--- Working data Enclosed Below ---

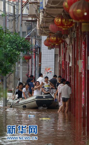 ??? 7月18日,重慶市潼南縣山邊村,居民以橡皮船作為出行工具。當日,重慶潼南縣和瓊江上游普降大到暴雨,最大降雨量超過160毫米,致使瓊江水位猛漲,造成潼南全縣22個鎮鄉(街)遭受不同程度災害損失。過境洪災和強降雨共造成全縣9.6萬人受災,緊急轉移1.6萬人。新華社記者 陳誠 攝 |
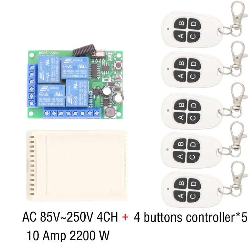 Универсальный беспроводной пульт дистанционного управления 433 МГц, 110 В, 220 В, 10Amp, 2200 Вт, 4CH релейный модуль приемника, РЧ контроллер, светильниксветодиодный открывалка
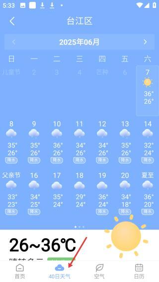 2、进入40日天气预报界面,即可查看台江区6月份的天气信息,其中包含每日的温度及天气状况,能帮助用户更早地规划出行安排。
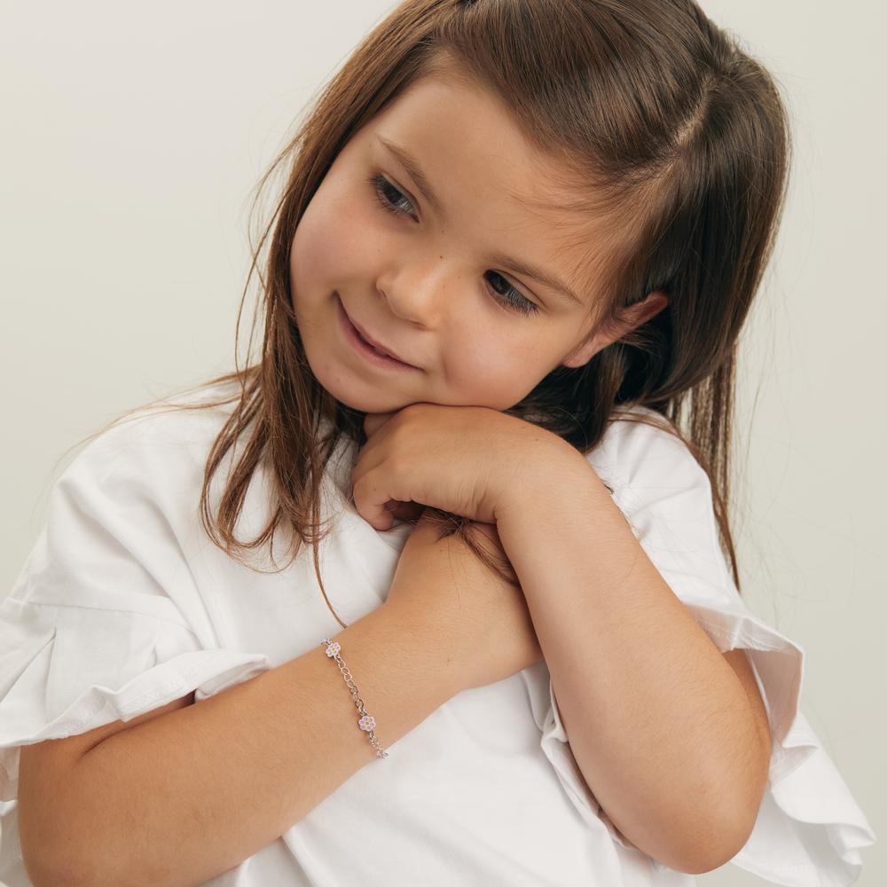 Dieses zarte Mädchen-Armband aus hochwertigem Silber besticht durch drei süße Blumenanhänger mit rosa Emaille-Details. Mit verstellbarer Länge und sicherem Karabinerverschluss ist es das perfekte Accessoire für kleine Blumenfreunde – leicht und bequem zu tragen.
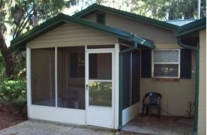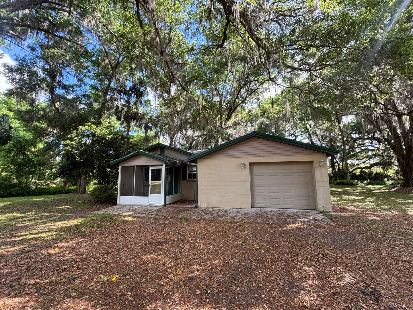 3/2 (Micanopy) Cute home recently renovated with all new flooring fixtures and vanities. Situated in the country under lots of live oak trees with completely fenced yard and on the edge of Paynes Prairie. Front screened porch opens into kitchen with new ceramic tiled floors, updated cabinets and newer appliances. Kitchen has large dining and serving bar that separates it from living room/dining room combination. Door off living room leads to big back deck. Large Study with ceramic tiled floors off of Master bedroom also has additional storage. Both bathrooms have nice neutral colored tile floors and tub/shower combination. House is on well water. 1 car garage has Utility room with washer and dryer included.
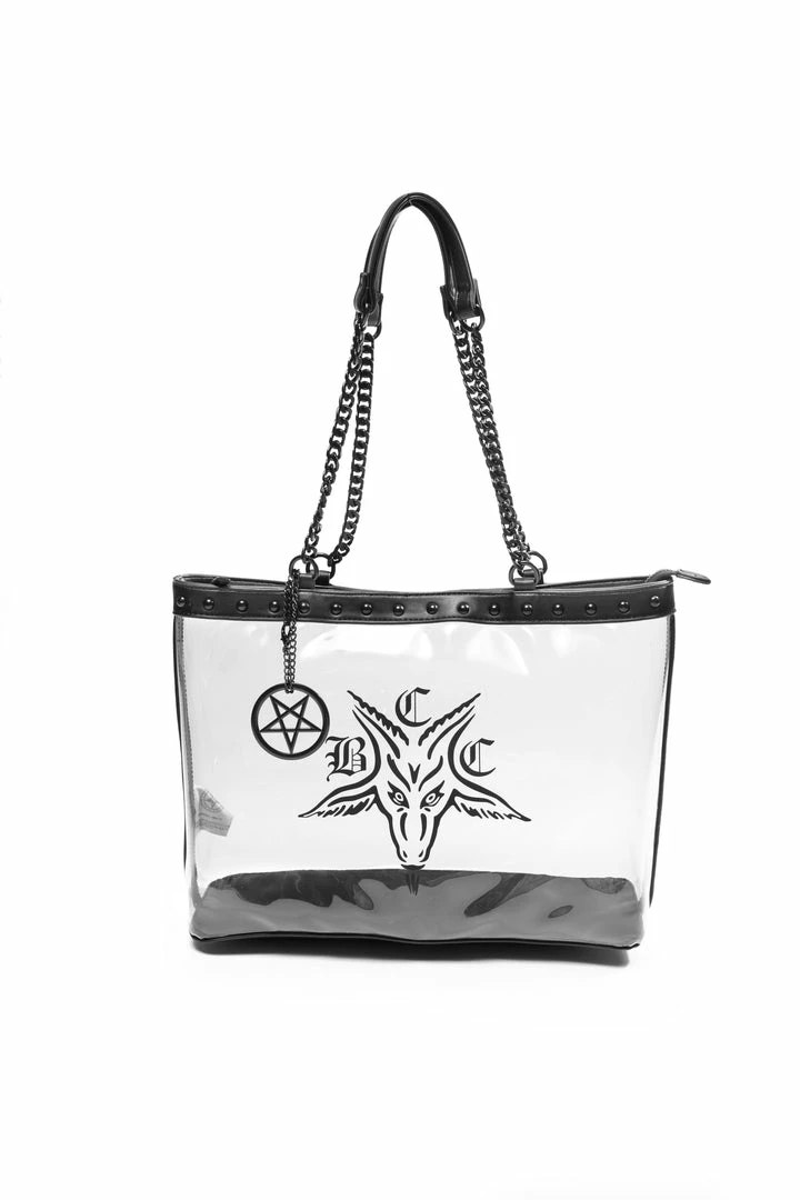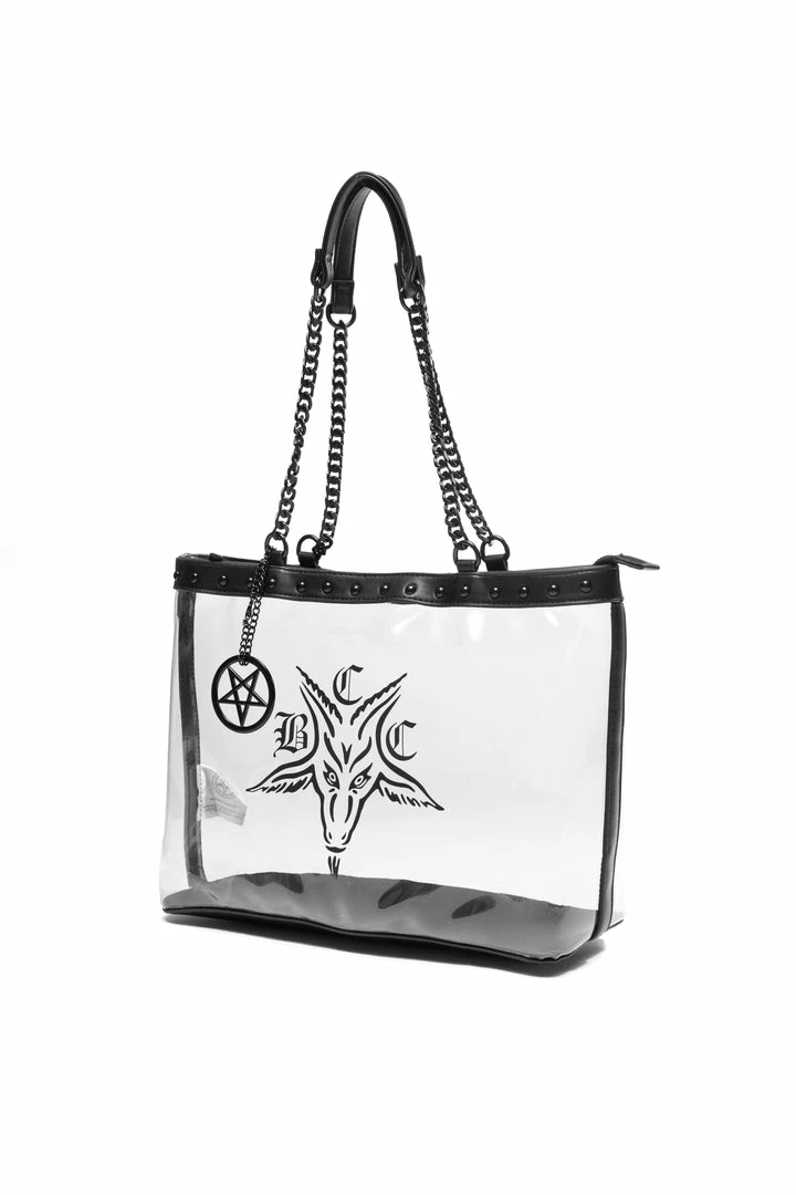 Premium heavy PVC clear material large tote bag. Matte black hardware with detachable pentagram key chain. This makes for a great beach bag or for venues requiring clear bag policy.

--- End of Enclosed Working data ---

> _Requirement_
Every record above should be duplicated precisely, with the images removed.

> _Response to this task_
 ??? 7月18日,重慶市潼南縣山邊村,居民以橡皮船作為出行工具。當日,重慶潼南縣和瓊江上游普降大到暴雨,最大降雨量超過160毫米,致使瓊江水位猛漲,造成潼南全縣22個鎮鄉(街)遭受不同程度災害損失。過境洪災和強降雨共造成全縣9.6萬人受災,緊急轉移1.6萬人。新華社記者 陳誠 攝 |
 Универсальный беспроводной пульт дистанционного управления 433 МГц, 110 В, 220 В, 10Amp, 2200 Вт, 4CH релейный модуль приемника, РЧ контроллер, светильниксветодиодный открывалка
 2、进入40日天气预报界面,即可查看台江区6月份的天气信息,其中包含每日的温度及天气状况,能帮助用户更早地规划出行安排。
 Dieses zarte Mädchen-Armband aus hochwertigem Silber besticht durch drei süße Blumenanhänger mit rosa Emaille-Details. Mit verstellbarer Länge und sicherem Karabinerverschluss ist es das perfekte Accessoire für kleine Blumenfreunde – leicht und bequem zu tragen.
 3/2 (Micanopy) Cute home recently renovated with all new flooring fixtures and vanities. Situated in the country under lots of live oak trees with completely fenced yard and on the edge of Paynes Prairie. Front screened porch opens into kitchen with new ceramic tiled floors, updated cabinets and newer appliances. Kitchen has large dining and serving bar that separates it from living room/dining room combination. Door off living room leads to big back deck. Large Study with ceramic tiled floors off of Master bedroom also has additional storage. Both bathrooms have nice neutral colored tile floors and tub/shower combination. House is on well water. 1 car garage has Utility room with washer and dryer included.
 Premium heavy PVC clear material large tote bag. Matte black hardware with detachable pentagram key chain. This makes for a great beach bag or for venues requiring clear bag policy.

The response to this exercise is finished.